__The records__
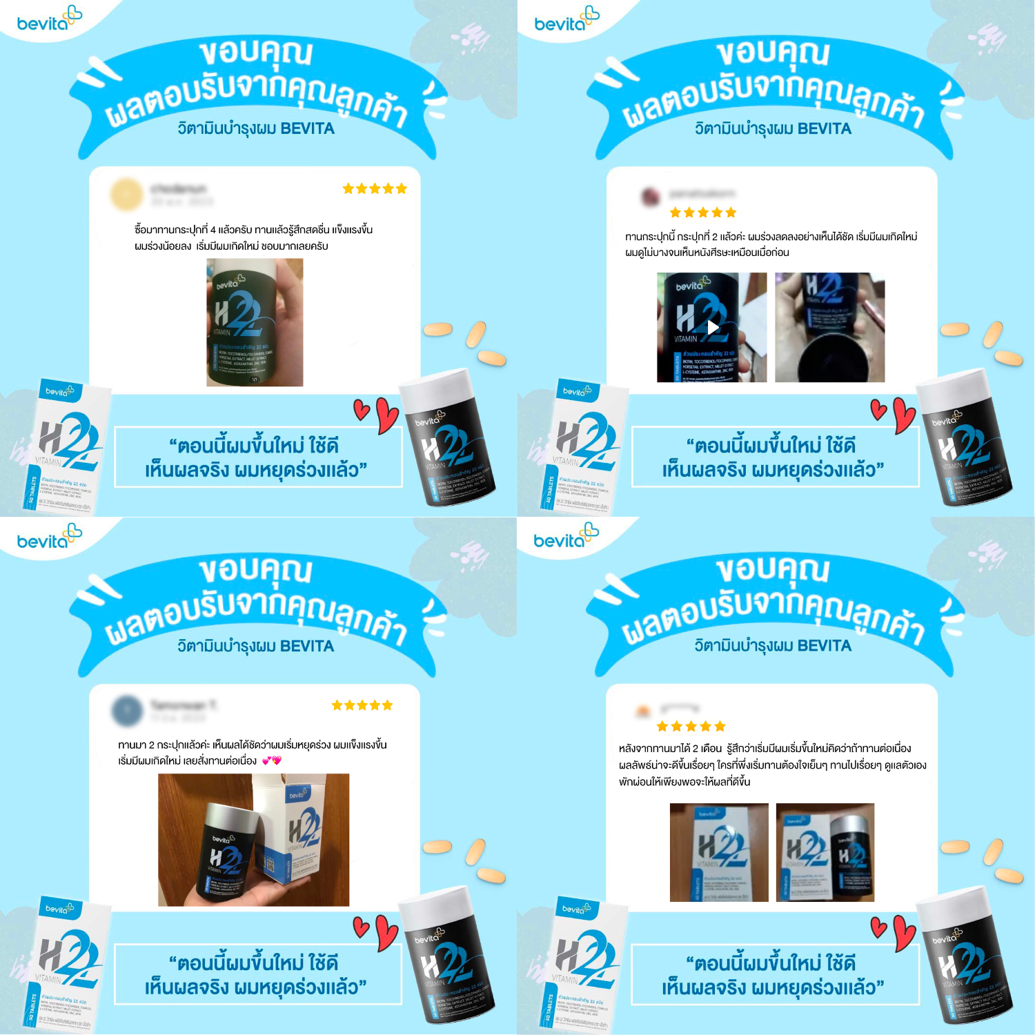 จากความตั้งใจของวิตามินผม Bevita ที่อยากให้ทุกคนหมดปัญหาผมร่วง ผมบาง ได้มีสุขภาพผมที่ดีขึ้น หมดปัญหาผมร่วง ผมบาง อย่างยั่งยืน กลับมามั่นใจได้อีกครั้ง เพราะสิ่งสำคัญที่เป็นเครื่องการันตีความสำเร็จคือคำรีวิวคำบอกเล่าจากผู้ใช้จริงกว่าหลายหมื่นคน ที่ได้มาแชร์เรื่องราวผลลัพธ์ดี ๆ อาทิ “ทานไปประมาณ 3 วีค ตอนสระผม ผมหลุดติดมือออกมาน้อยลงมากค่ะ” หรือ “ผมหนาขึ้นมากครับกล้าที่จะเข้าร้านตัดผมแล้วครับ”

---

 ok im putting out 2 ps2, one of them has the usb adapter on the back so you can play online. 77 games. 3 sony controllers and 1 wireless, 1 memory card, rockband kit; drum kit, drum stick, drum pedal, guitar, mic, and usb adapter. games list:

...

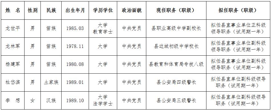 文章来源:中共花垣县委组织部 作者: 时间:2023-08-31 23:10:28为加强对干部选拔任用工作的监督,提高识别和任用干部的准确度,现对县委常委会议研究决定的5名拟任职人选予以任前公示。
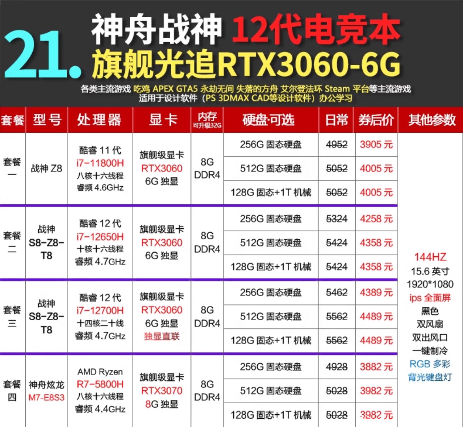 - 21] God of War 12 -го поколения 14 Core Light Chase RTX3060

__How to complete this task__
Output exactly the stretch of the listing that begins at the line containing "文章来源:中共花垣县委组织部 作者: 时间:2023-08-31" and ends at the line containing "- 21] God of", both kept. Omit pictures and everything else.

__Response to the task__
 文章来源:中共花垣县委组织部 作者: 时间:2023-08-31 23:10:28为加强对干部选拔任用工作的监督,提高识别和任用干部的准确度,现对县委常委会议研究决定的5名拟任职人选予以任前公示。
 - 21] God of War 12 -го поколения 14 Core Light Chase RTX3060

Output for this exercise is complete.